## EXERCISE BRIEF
Only the text belongs in the copy: retype each record exactly as it appears.

## Excerpts from a dataset
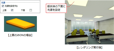 汎用オブジェクトの場合は、「光源を設定する」をONにして面を指定すると面光源を設定できます。
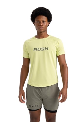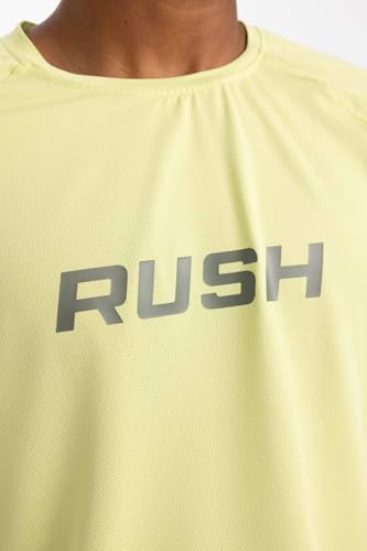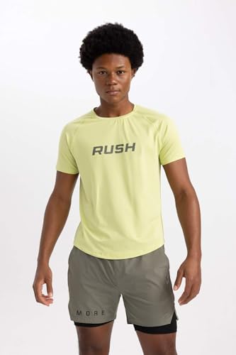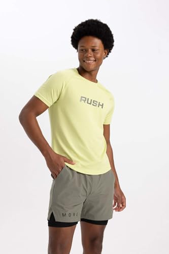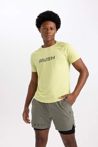 DeFacto - تيشرت منسوج بقصة ضيقة سليم فت ورقبة دائرية ضيقة وأكمام قصيرة للرجال من ديفاكتو، أخضر فاتح، لارج
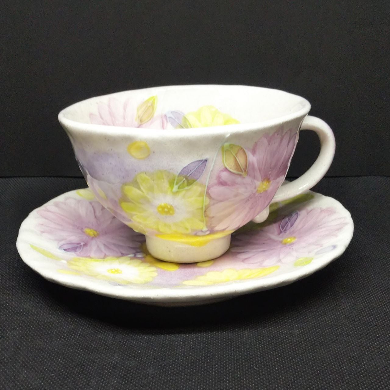 風花 彩粉引花紋 コーヒーカップセット(紫)
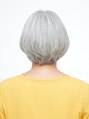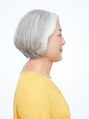 ぺたんとしがちなトップをカットでカバー。白髪を生かしつつ白髪が気にならない大人系のボブスタイル。スタイリングは乾かすだけで形になります。
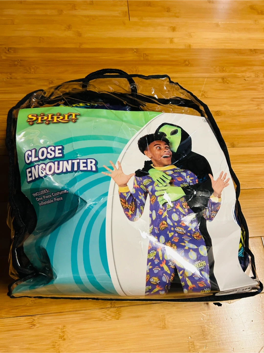 10Get ready for Halloween with this fun costume! It's a Spirit Halloween Close Encounter costume for children. It's one size fits most and includes a one-piece costume and inflatable piece. Originally bought for $64.99
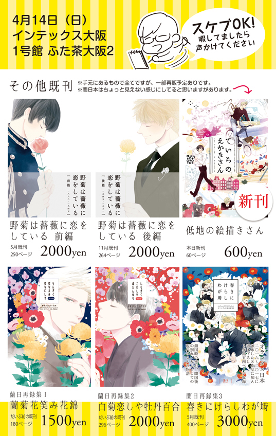新刊がよりによって英日ではないんですが、英日はなんとか折本を用意する予定ですので、間に合っていましたら手にとっていただけると幸いです。
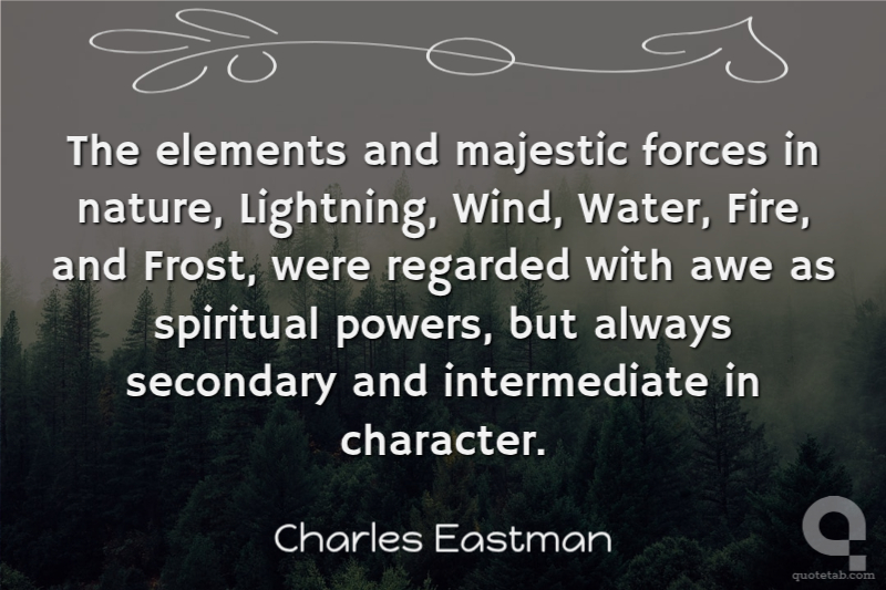 The elements and majestic forces in nature, Lightning, Wind, Water, Fire, and Frost, were regarded with awe as spiritual powers, but always secondary and intermediate in character. Charles Eastman

## EXERCISE SOLUTION
 汎用オブジェクトの場合は、「光源を設定する」をONにして面を指定すると面光源を設定できます。
 DeFacto - تيشرت منسوج بقصة ضيقة سليم فت ورقبة دائرية ضيقة وأكمام قصيرة للرجال من ديفاكتو، أخضر فاتح، لارج
 風花 彩粉引花紋 コーヒーカップセット(紫)
 ぺたんとしがちなトップをカットでカバー。白髪を生かしつつ白髪が気にならない大人系のボブスタイル。スタイリングは乾かすだけで形になります。
 10Get ready for Halloween with this fun costume! It's a Spirit Halloween Close Encounter costume for children. It's one size fits most and includes a one-piece costume and inflatable piece. Originally bought for $64.99
新刊がよりによって英日ではないんですが、英日はなんとか折本を用意する予定ですので、間に合っていましたら手にとっていただけると幸いです。
 The elements and majestic forces in nature, Lightning, Wind, Water, Fire, and Frost, were regarded with awe as spiritual powers, but always secondary and intermediate in character. Charles Eastman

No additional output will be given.